Exercise
Output must consist only of the lines of the material below from the one with "Casa mallorquina de" through the one with "This 6-in-1 bag", each reproduced exactly; no pictures belong in it.
Start of Provided data
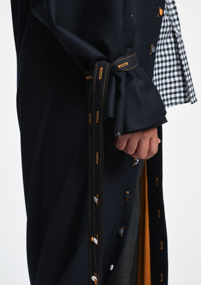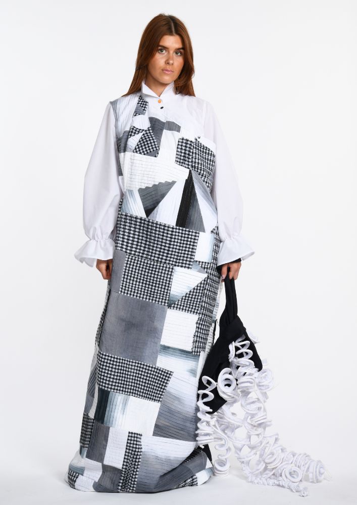 Ultimately, the collection celebrates a unique duality: the sharp, tailored structures of legal tradition are softened by fluid lines and sculptural, deconstructed elements. The silhouettes are intentionally fresh and organic, challenging conventional ideas of symmetry and rigidity. Through a restrained color palette and high-quality natural fabrics, Sarah Muldowney has created a versatile and elegant body of work that proves fashion can be both deeply personal and universally accessible.
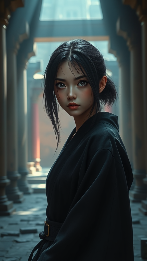 A female character in dark robes stands within an ancient temple, her gaze steady with perfectly symmetrical eyes. Bathed in dramatic lighting, the scene is captured in high-definition with sharp focus. The highly intricate details bring a hyperrealistic touch to the composition, utilizing advanced physics-based rendering and raytracing techniques. Her pose is dynamic and engaging, blending the lines between photography and digital art. The image merges elements of CGI, 3D modeling, and traditional drawing, creating a seamless blend that echoes both cartoon and anime influences, culminating in a striking digital painting marked by realism and complexity.
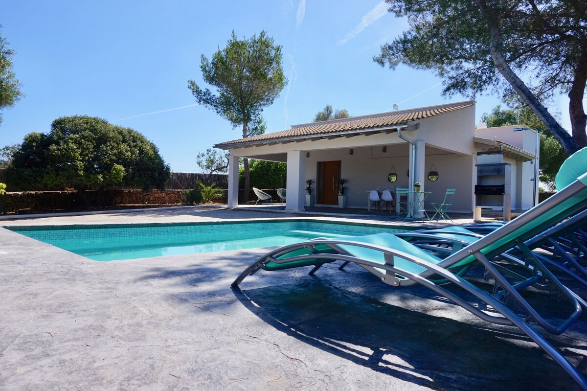 Casa mallorquina de más de cien años de antiguedad.Tiene planta baja y piso,en la planta baja tiene un dormitorio un baño,sala de estar y cocina comedor.En la planta superior hay dos habitaciones un baño una sala de estar y una terraza. La cocina tiene salida a un terraza cubierta seguida de terraza descubierta donde hay una enorme encina que da una sombra estupenda,a continuacion esta la piscina con terraza y una zona con cesped.
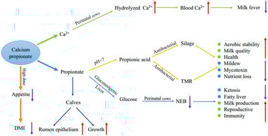 Propionic acid and Ca2+ are basic components in the rumen fluid [], which means that calcium propionate is safe to add to the feed of dairy cows. It is approved by the World Health Organization (WHO) and the United Nations Food and Agriculture Organization (FAO) for use in food or feed additives. Therefore, it is used as a safe and valuable additive in the dairy cow industry. To update our knowledge on calcium propionate application for dairy cow performance and metabolism, we reviewed the effects of calcium propionate supplementation on decreasing feed mycotoxins, alleviating dairy cow NEB and milk fever, and promoting rumen development in dairy calves.
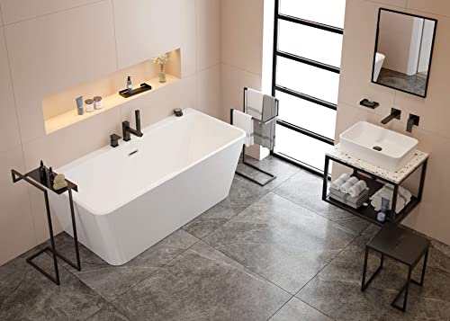 VBChome Badewanne 160×75 cm Weiß Acryl SET Wandmontierte Badewanne Freistehend Eingebauter Überlauf Siphon Inklusive Modern Elegant Top Qualität
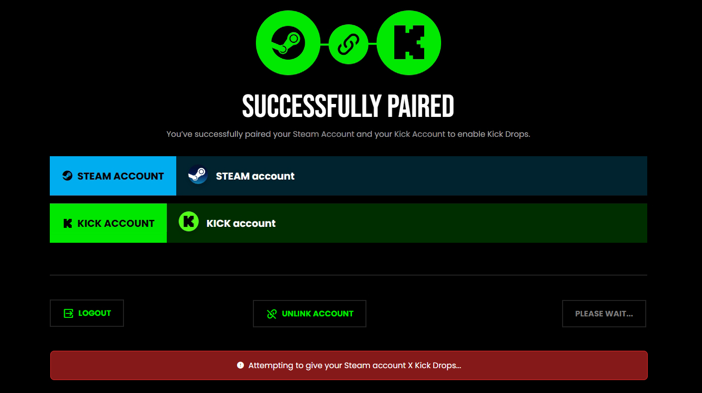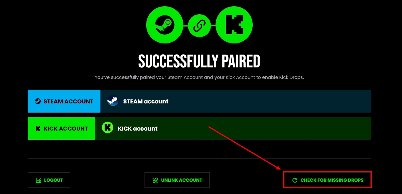 - If after pressing the “CHECK FOR MISSING DROPS” button you see the message "Attempting to give your Steam account X Kick Drops...", then all the skins are already in your account's STEAM inventory.
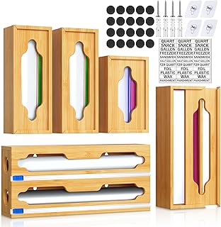 This 6-in-1 bag storage organizer features a versatile design for efficient kitchen organization. It includes compartments for foil, plastic wrap, and various sizes of sandwich and storage bags. The extended aluminum foil dispenser allows easy access and smooth tearing, while the bamboo baggie organizer fits neatly in drawers, keeping bags tidy and accessible. The product helps maximize space and maintain order in kitchen drawers, making it simple to find and store different types of bags and wraps. Its durable construction ensures long-lasting use, and the compact design fits conveniently in most kitchen setups. Ideal for organizing foil, plastic wrap, and assorted bag sizes, this organizer streamlines kitchen storage and enhances overall cleanliness. It is suitable for those seeking a practical solution to keep their kitchen essentials organized and within easy reach.
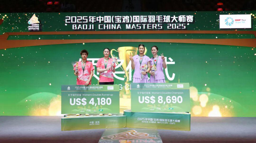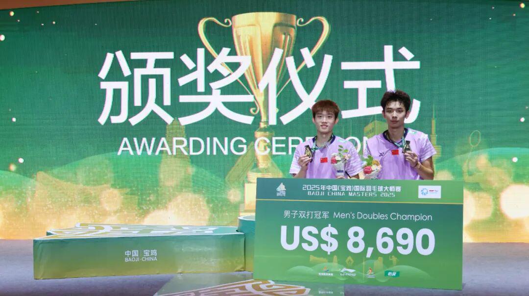 2025年中国(宝鸡)国际羽毛球大师赛昨天下午结束,中国队在男单、男双、女双三个项目实现会师,最后夺得3金5银。其中,男双林祥毅/胡珂源和女双王汀戈/罗意都是首次夺得世界巡回赛冠军。
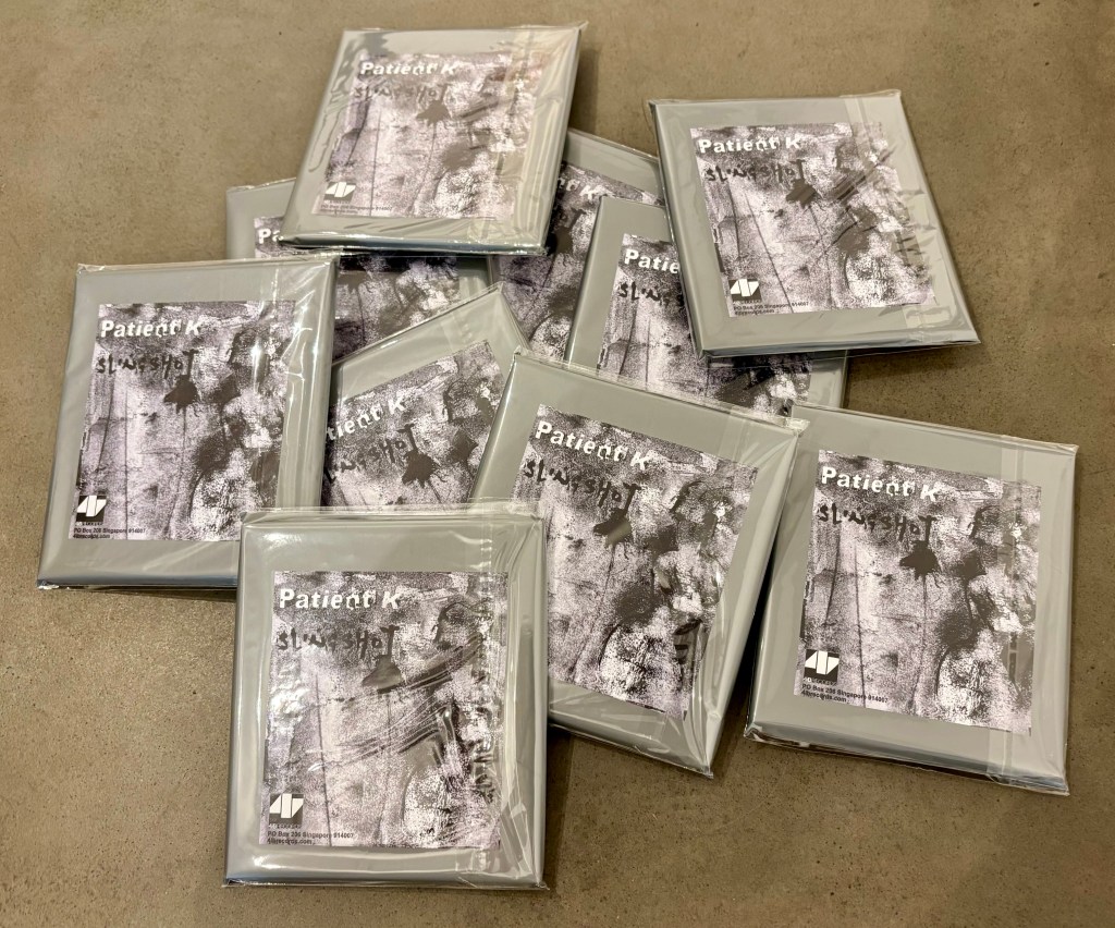 Kevin Tomkins (of Sutcliffe Jugend / Sutcliffe No More) returns with his third release as PATIENT K. Titled ‘Slingshot’, this double CD release is beautifully presented with paintings supplied by Patient K.
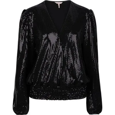 EsQualo Blouse Sequins Stretch Black
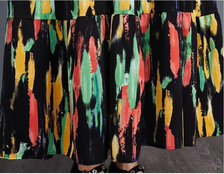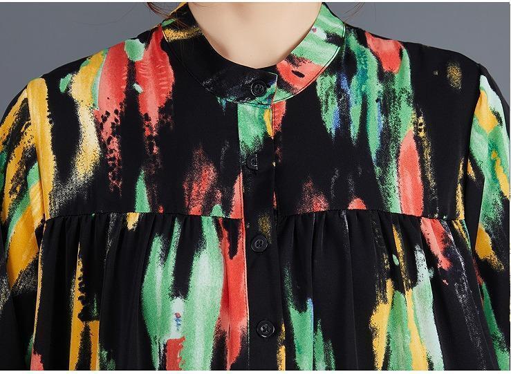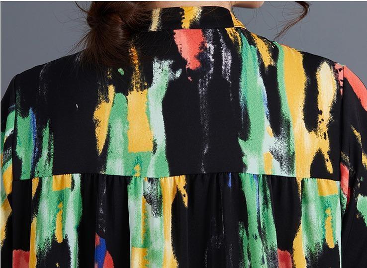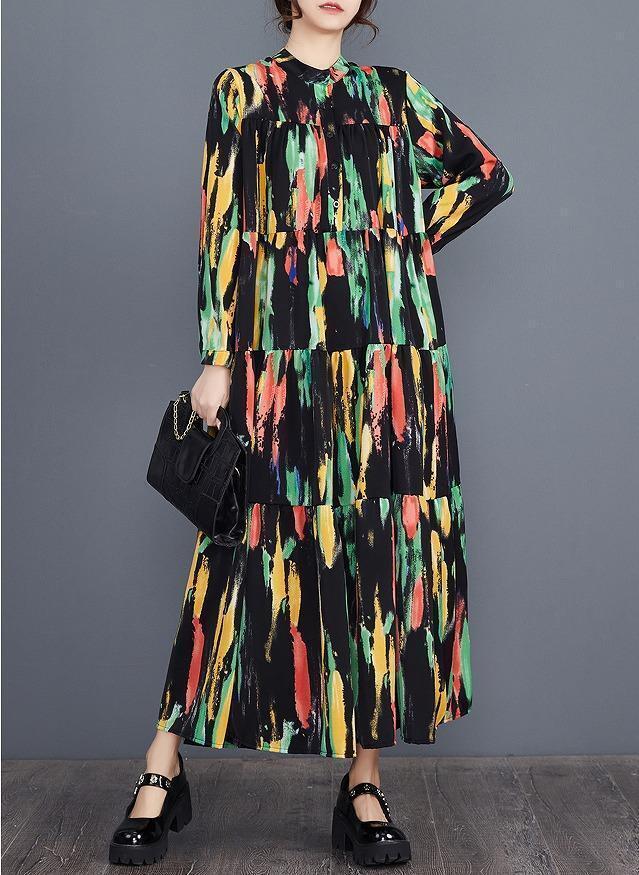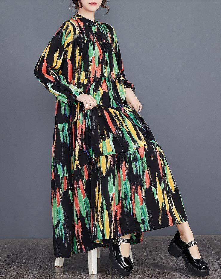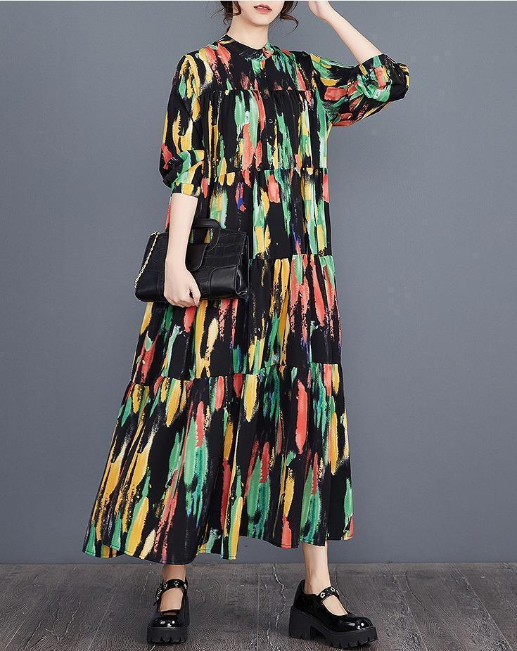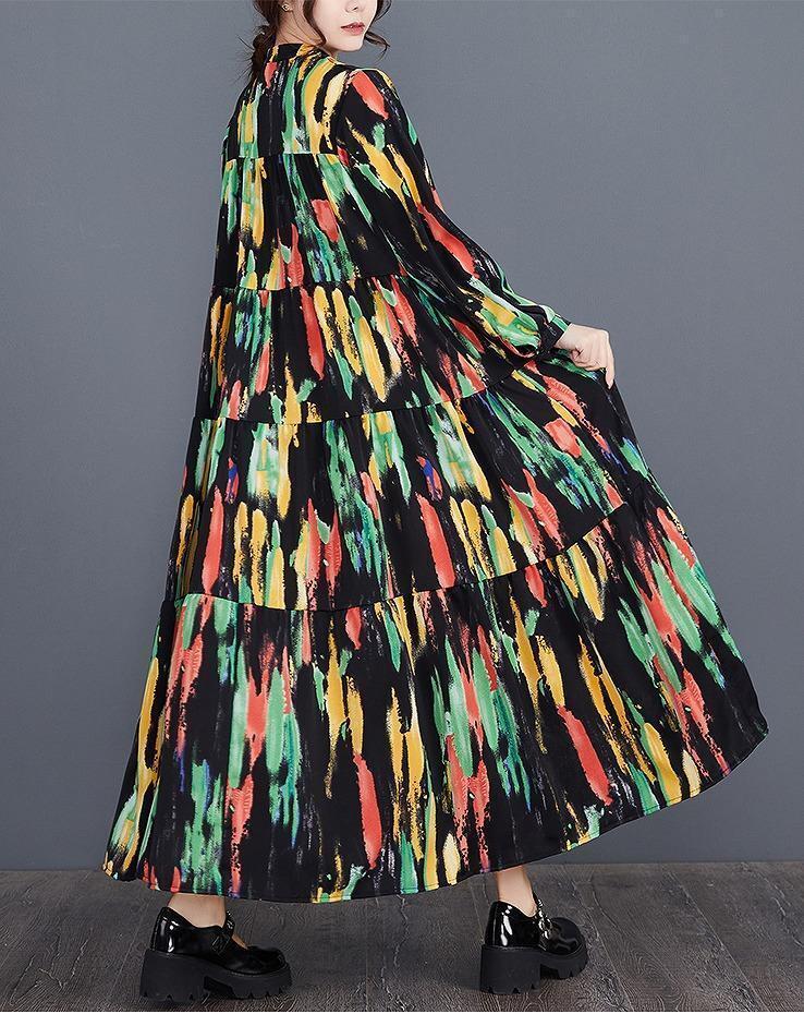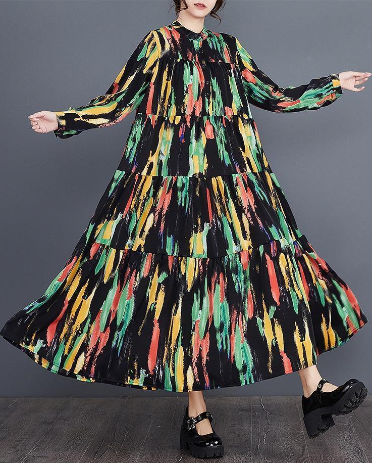 【大きいサイズ】新品ティアードワンピース長袖秋冬 抽象柄 カラフル ロング マキシ丈
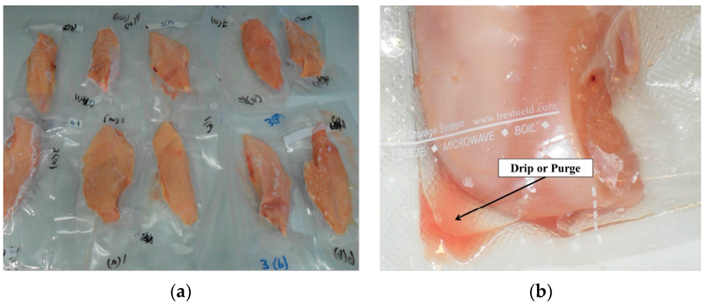 Studied broiler breast fillets. (a) Samples stored in freezer; (b) Equilibrated sample with collected drip.
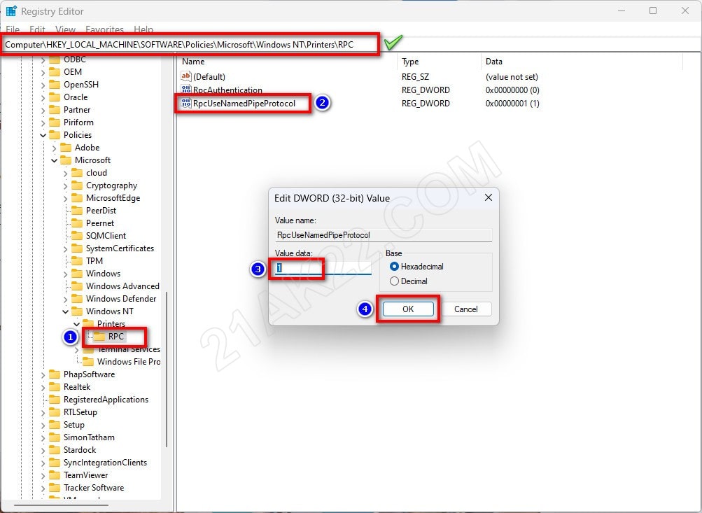 Mở theo đường dẫn Computer\HKEY_LOCAL_MACHINE\SOFTWARE\Policies\Microsoft\Windows NT\Printers\RPC , rồi nhấn dúp vào RpcUseNamedPipeProtocol, ở Value data điền số 1, nhấn OK là xong.
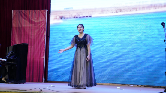 伴随着主持人激情满满的开场白,音乐会就此拉开了帷幕。首先由20级音表1班的全体学生为我们带来歌剧《运河谣》同名唱段《运河谣》,给现场的观众们进行了预热,让我们对接下来的音乐会更加充满期待;由林信校、华飘然等演员表演的作品《枉凝眉》+《晴雯歌》带我们体会了大观园的悲与欢;由李沃儿,蔡弘毅等同学演唱的中国艺术歌曲联唱里面有中国著名的艺术歌曲如《大江东去》、《黑雾》等,带我们体会了数千年源远流长的华夏民族精神和音乐融合的魅力;邓仁仁、陈影雪等演员带来的小组唱《梨花又开放》借梨花的开放来表达对母亲的怀念、对故乡的怀念、对童真的怀念;由钟欢 冯樱露等演员带来的民族歌舞《梦回土家》带我们回到魂牵梦绕的土家,让我们随着悠扬的琴声和欢快的鼓声走进这个古老的民族;音乐剧《阳台》出自音乐剧《罗密欧与朱丽叶》,李沃儿和付榆两位同学的表演让我们感受到男女主人公诚挚的爱以及他们爱情的力量;张馨竹、胡容畅等同学演唱的歌曲《anther day of sun》出自《爱乐之城》,也是电影的开头,经过了改编,讲述我们对于未来的展望和对校园生活的喜爱;最后全体20级1、2班的同学朗诵《百年觉醒,浴血忠魂》,20级音表1、2班的同学们用自己的理解去诠释在我党百年来,抛头颅洒热血的英雄人物,令人感触良多。
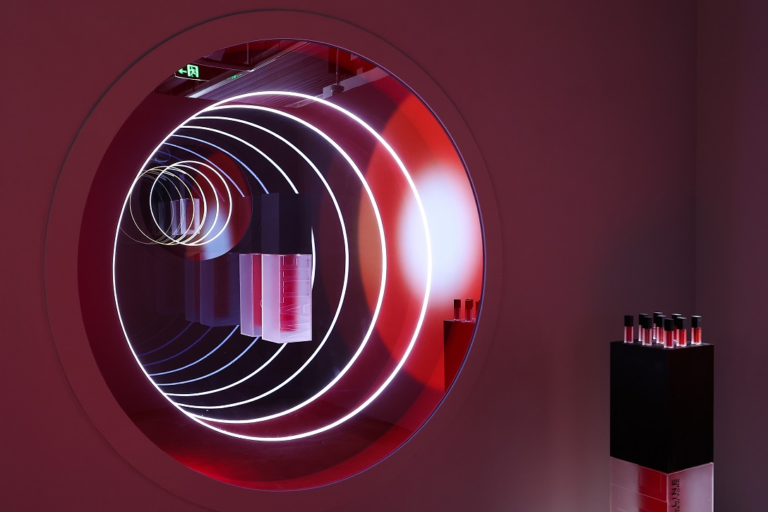 此次的“都市回弹空间”以全新绝色持久丝绒哑光唇釉的“嘭弹”特质为灵感,在繁华都市中打造了属于美宝莲纽约的艺术角落,也展现了美宝莲纽约的都市美学精神。TX 淮海的长阶梯放置的红色羽绒枕头,伴以弹力元素背景墙与之呼应。
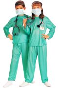 Для школьного представления или тематического праздника может пригодиться костюм Доктора со стетоскопом. Наряд состоит из повязки, брюк и рубашки бледно-зеленого цвета.
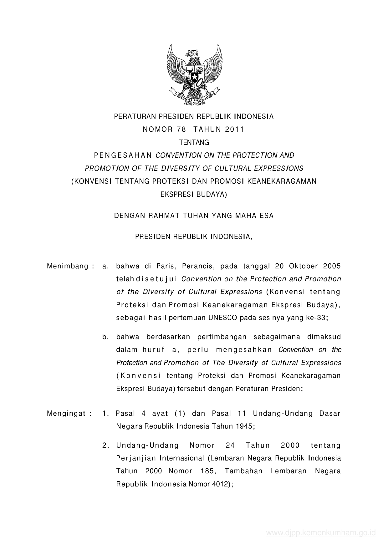 PERPRES Nomor 78 Tahun 2011 | Peraturan Presiden Nomor 78 Tahun 2011 tentang PENGESAHAN CONVENTION ON THE PROTECTION AND PROMOTION OF THE DIVERSITY OF CULTURAL EXPRESSIONS (KONVENSI TENTANG PROTEKSI DAN PROMOSI KEANEKARAGAMAN EKSPRESI BUDAYA)
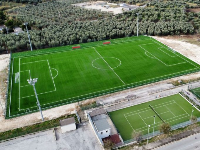 Un accurato e professionale lavoro di restyling quello svolto dalla De Cata Sport, che si è occupata di mettere a nuovo il campo. Il lavoro ha previsto la recinzione, il drenaggio, l’impianto d’irrigazione e il fondo riempitivo quale piano di posa per il nuovo manto in erba sintetica di ultima generazione, il tutto secondo le ultime normative CONI e LND. a 5.
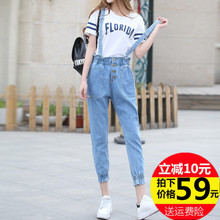2017春夏新款牛仔背带裤女九分裤春秋百搭宽松韩版学生裤 可拆卸
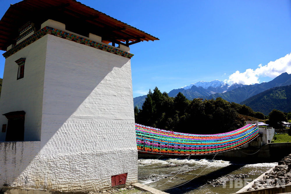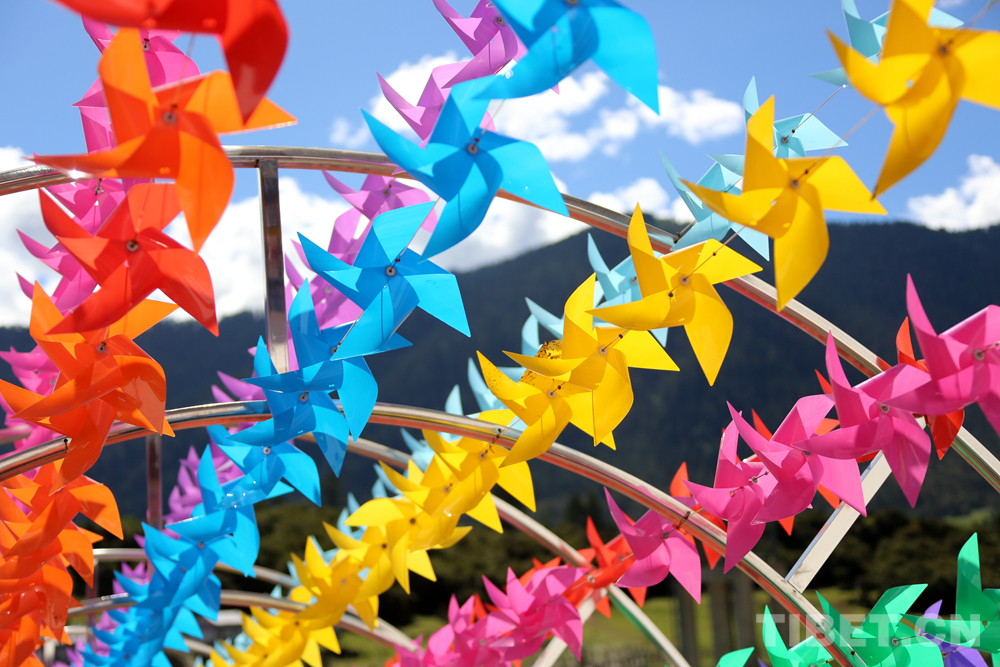 圖為魯朗小鎮景區旁的“網紅橋”上掛滿了顏色各異的風車 攝影:王佳豪
End of Provided data
Task result
 Casa mallorquina de más de cien años de antiguedad.Tiene planta baja y piso,en la planta baja tiene un dormitorio un baño,sala de estar y cocina comedor.En la planta superior hay dos habitaciones un baño una sala de estar y una terraza. La cocina tiene salida a un terraza cubierta seguida de terraza descubierta donde hay una enorme encina que da una sombra estupenda,a continuacion esta la piscina con terraza y una zona con cesped.
 Propionic acid and Ca2+ are basic components in the rumen fluid [], which means that calcium propionate is safe to add to the feed of dairy cows. It is approved by the World Health Organization (WHO) and the United Nations Food and Agriculture Organization (FAO) for use in food or feed additives. Therefore, it is used as a safe and valuable additive in the dairy cow industry. To update our knowledge on calcium propionate application for dairy cow performance and metabolism, we reviewed the effects of calcium propionate supplementation on decreasing feed mycotoxins, alleviating dairy cow NEB and milk fever, and promoting rumen development in dairy calves.
 VBChome Badewanne 160×75 cm Weiß Acryl SET Wandmontierte Badewanne Freistehend Eingebauter Überlauf Siphon Inklusive Modern Elegant Top Qualität
 - If after pressing the “CHECK FOR MISSING DROPS” button you see the message "Attempting to give your Steam account X Kick Drops...", then all the skins are already in your account's STEAM inventory.
 This 6-in-1 bag storage organizer features a versatile design for efficient kitchen organization. It includes compartments for foil, plastic wrap, and various sizes of sandwich and storage bags. The extended aluminum foil dispenser allows easy access and smooth tearing, while the bamboo baggie organizer fits neatly in drawers, keeping bags tidy and accessible. The product helps maximize space and maintain order in kitchen drawers, making it simple to find and store different types of bags and wraps. Its durable construction ensures long-lasting use, and the compact design fits conveniently in most kitchen setups. Ideal for organizing foil, plastic wrap, and assorted bag sizes, this organizer streamlines kitchen storage and enhances overall cleanliness. It is suitable for those seeking a practical solution to keep their kitchen essentials organized and within easy reach.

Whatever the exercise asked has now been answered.